Ford uses 3D printed parts in working prototype vehicles
About ten years ago Ford 3D printed about 4,000 prototype constituents for its vehicles. Nowadays just one of its five3D prototyping centers produces more than 20,000 parts yearly.
There are two reasons for 3D printing boom among vehicle constituents: first, consumer 3D printers are getting more and more popular and the fresh revenue that is used to improve industrial processes has been installed. Second, manufacturers that operate the equipment and produce prototype parts can do their job in a few hours and not weeks as it was with the traditional process.
A lot of money is spent by companies like Stratasys and 3D systems. Their aim is to make machines betters as well as materials and also making the process faster, which will result in reducing costs. The Ford Motor Co. is nowadays totally dependent on 3D printing and relies on the technology to invent new parts of vehicles. Without 3D printers it would be impossible for them to produce the components of cars in time. So the benefit of 3D printing is not only in saving money (as many people think), but also in saving time, which is so important when we speak about prototypes.
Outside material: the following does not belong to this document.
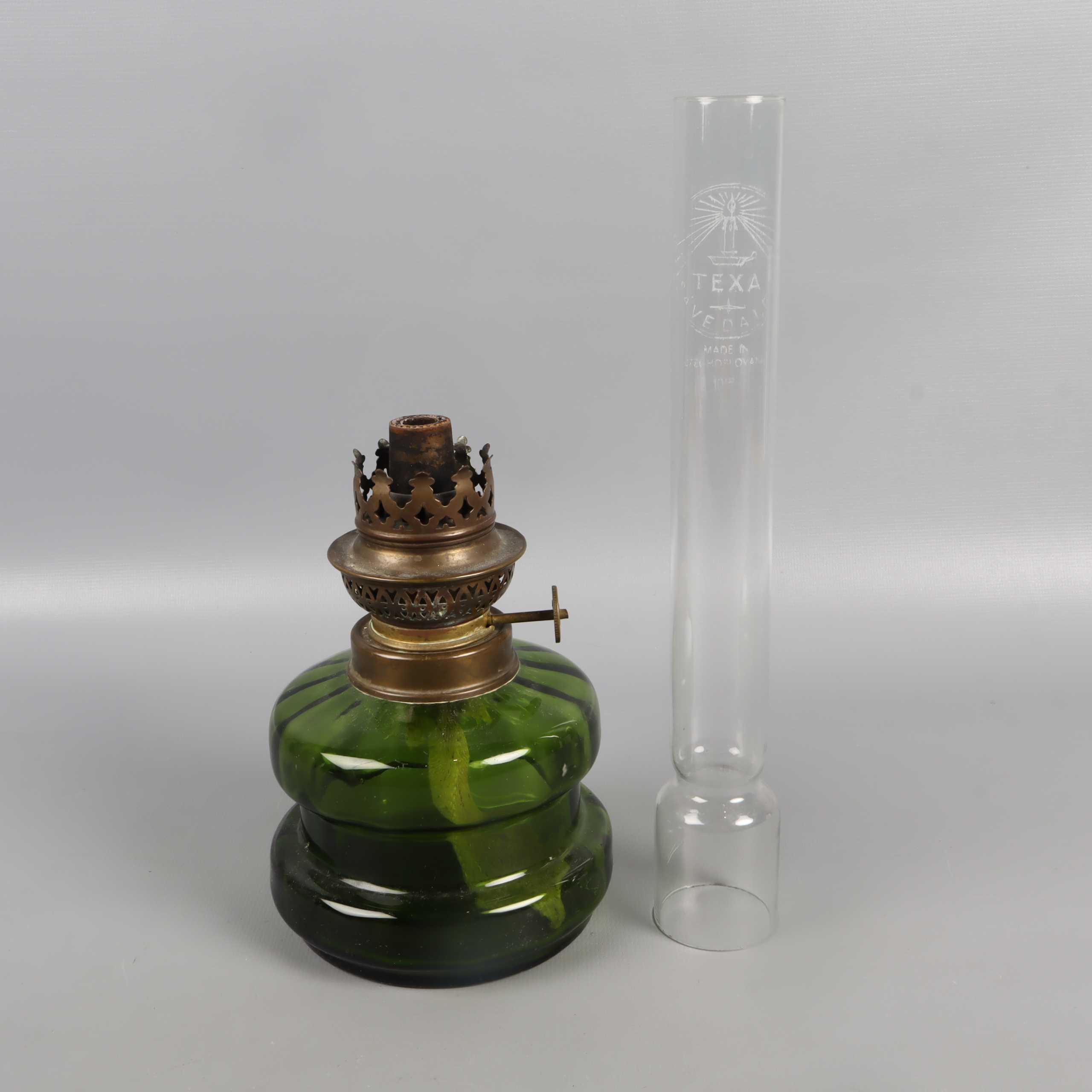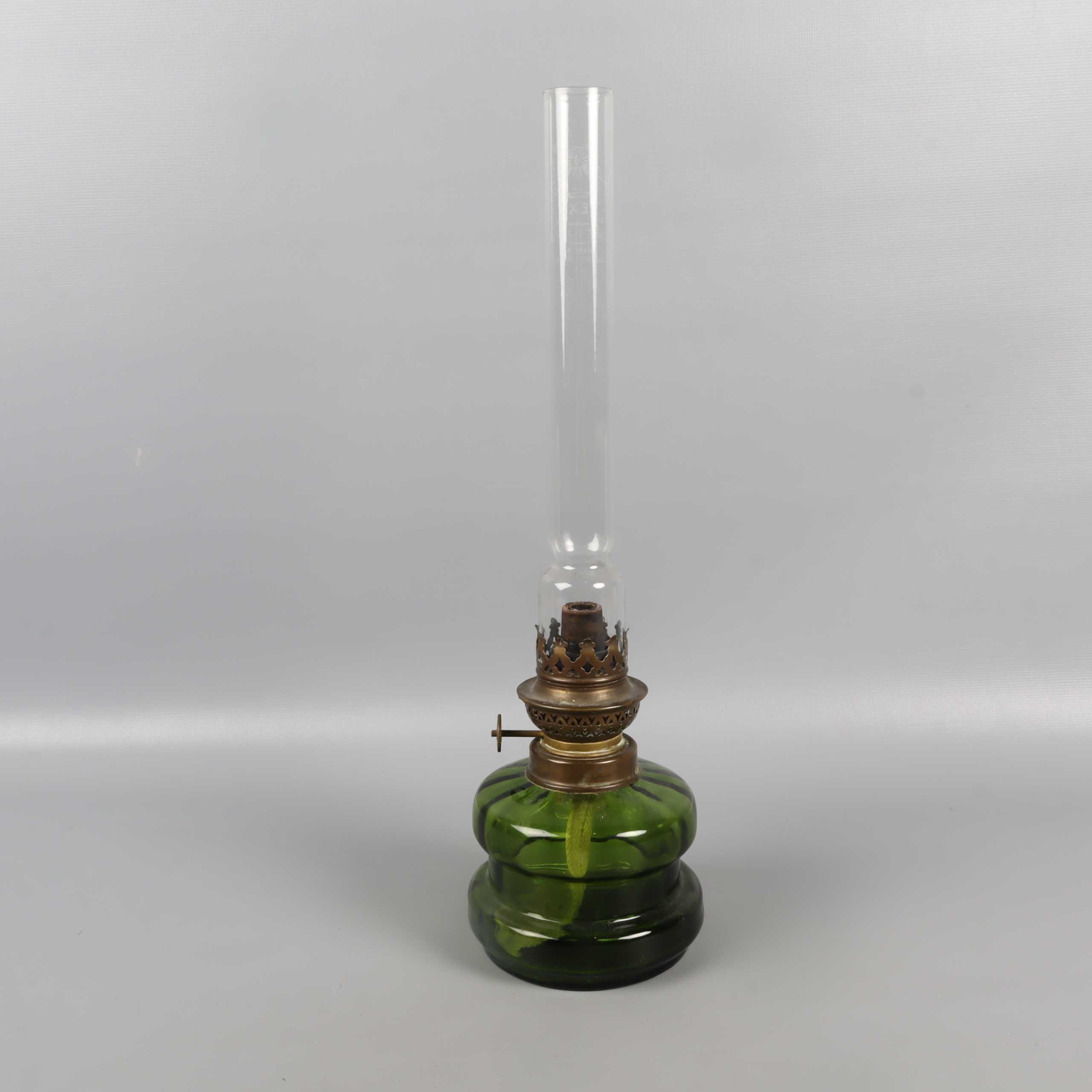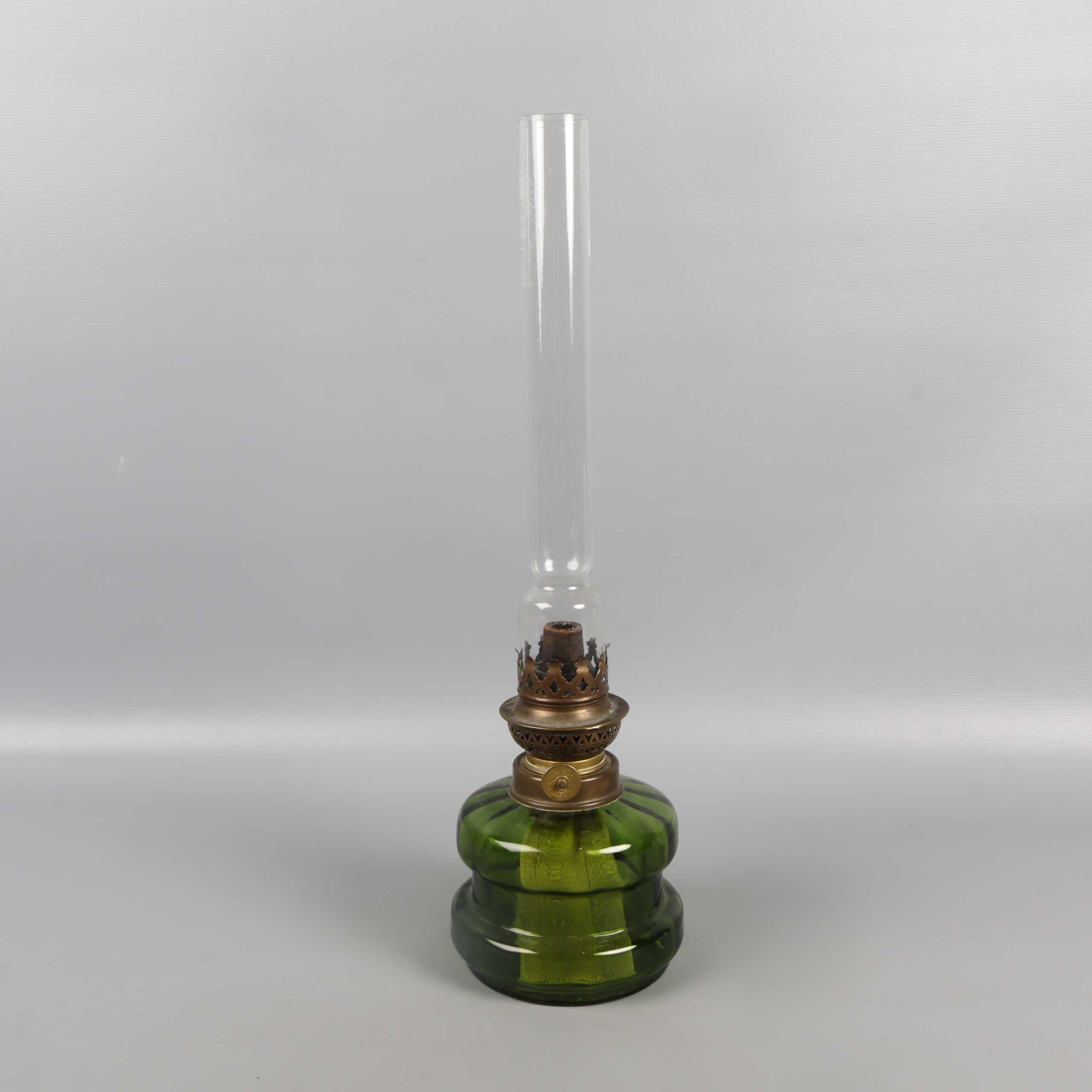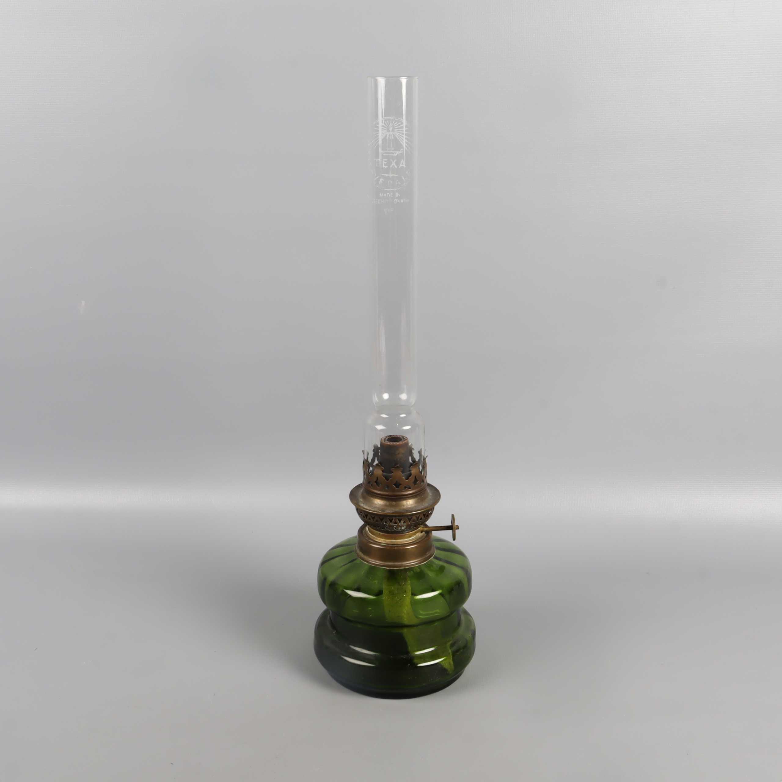 Klassisk fotogenlampa med vacker grön glasfot och högt klart glasrör. Messingfärgade detaljer ger en retro känsla som passar i många hem. Glasröret är märkt med Texa. Ett dekorativt och tidlöst inslag med vintage vibe.

Before 3D printers appeared it took weeks to produce necessary parts. After that it had to be modified and then delivered to a machine shop. Nowadays special software is used to draw parts, then they’re sent to 3D printers that turn them out in hours. If there’s a need for further alterations, they’re made on CAD drawing and the reprinted once again. Ford’s 3D printers come in different sizes starting from a small fridge and up to the sizes of a truck. The prices start from $250,000. Although for most consumers 3D printers might sound new and unfamiliar, Ford has been effectively using it for about 30 years.
Nowadays Ford uses a great majority of the 3D printing techniques, among which are selective laser sintering (SLS), stereo lithography (SLA), binder jet printing and others. Ford has 5 3D printing centers, of which 3 are situated in the US and two in Europe. At its Dearborn Heights, Mich. facility, 14 different industrial 3D printers produce about 20,000 parts a year.
A single procedure on a 3D printer can produce up to hundreds of parts. In the laser-sintering lab, for example, several printers do rapid prototyping parts melting together thousands of fine silica layers. As a result, they get amorphous block of powdered silica. They are then cleaned and brushed. Binder jet printers reprocess bins with more than 100 molds which are then filled with melted metal to create metal prototypes. Such a binder jet may take from a week up to a month, depending on the size and the amount of job and the deadline.
Researchers are trying to improve quality as well. Engineers need to optimize their time. There’s a deadline for them, but it’s more important to make sure that the job is done right.